# 6 Exos in NYC



## randommind (Sep 14, 2010)

So, I have been searching online for a 24" wide Exo and came across this deal in NYC....Thought one of you guys up North might appreciate a heads up.

For Sale 6 Exo Terras Terrariums with fixtures and extras for $150 - FaunaClassifieds

Copy of ad:

6 Exo Terras Terrariums with fixtures and extras for $150 

--------------------------------------------------------------------------------

If this ad is still up it mean that ALL of them are STILL AVAILABLE.
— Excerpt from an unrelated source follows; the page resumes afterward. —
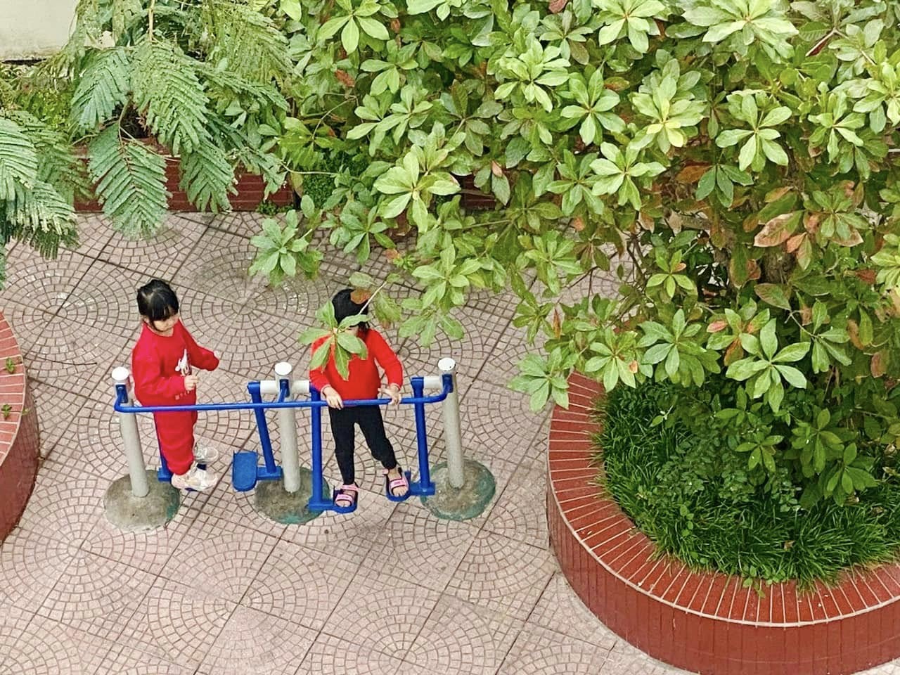 niềm vui của trẻ thơ. Tiếng cười nói rộn rã của các em hòa quyện với tiếng chim hót tạo nên một bản nhạc vui tươi.
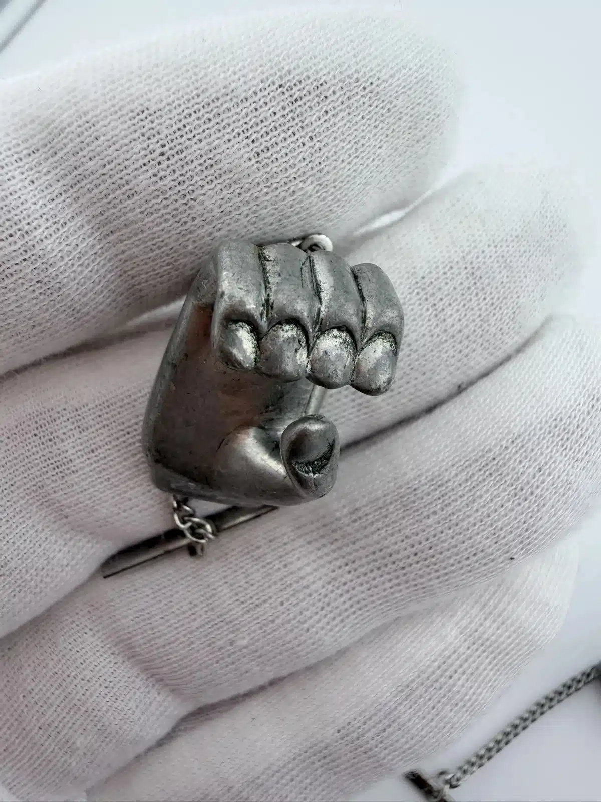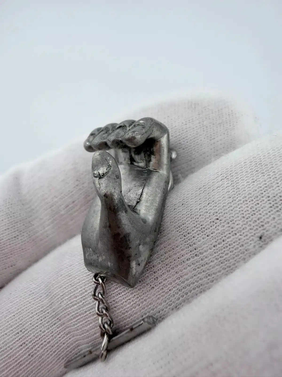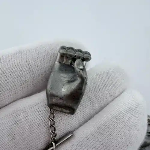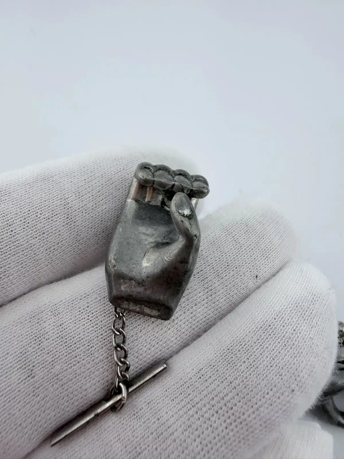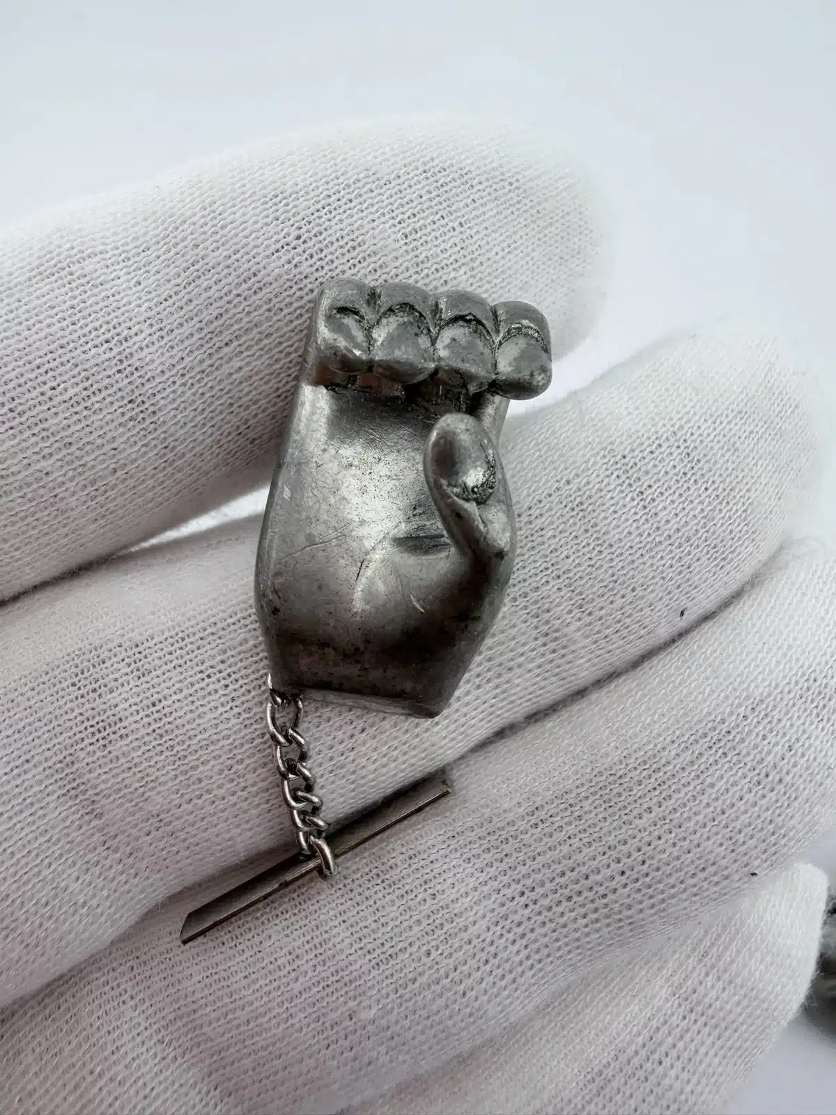 This set of two tie tack pins features grey-toned hands, one resembling a woman’s and the other a man’s, each possibly forming the letter ‘C’ in American Sign Language (ASL). The design captures the essence of communication through sign language, making it a notable representation of inclusivity and expression. Both pins could possibly hold a ribbon as well, unsure on the original purpose.

Im selling my Exo Terra Terrariums. Most got about a month use, if that.
4- 12x12x18 w/ light fixture (no bulb)
1- 12x12x12 w/ light fixture (no bulb) 
1- 24x18x18 w/ light fixture (no bulb)

PICK UP ONLY. Serious buyers only.
$150 for everything, Group sell only.
For more info please email me @ [email protected]
Thanks


----------



## B-NICE (Jul 15, 2011)

Appreciate, the heads up.


----------



## frog dude (Nov 11, 2011)

Darn, I really wish I were closer. And if I were closer, I wish I would have the money to buy them.


----------



## mfsidore (Oct 10, 2012)

Same here I wish I were closer and I wish I had saw this sooner I live in Brock port ny and have been looking for a " lot" of terrariums.


----------



## jejton (Sep 3, 2006)

This thread is a year old but thanks for the tease.


----------



## Evil_Demos (Feb 3, 2013)

At first I was like  then I was like , now I'm like


----------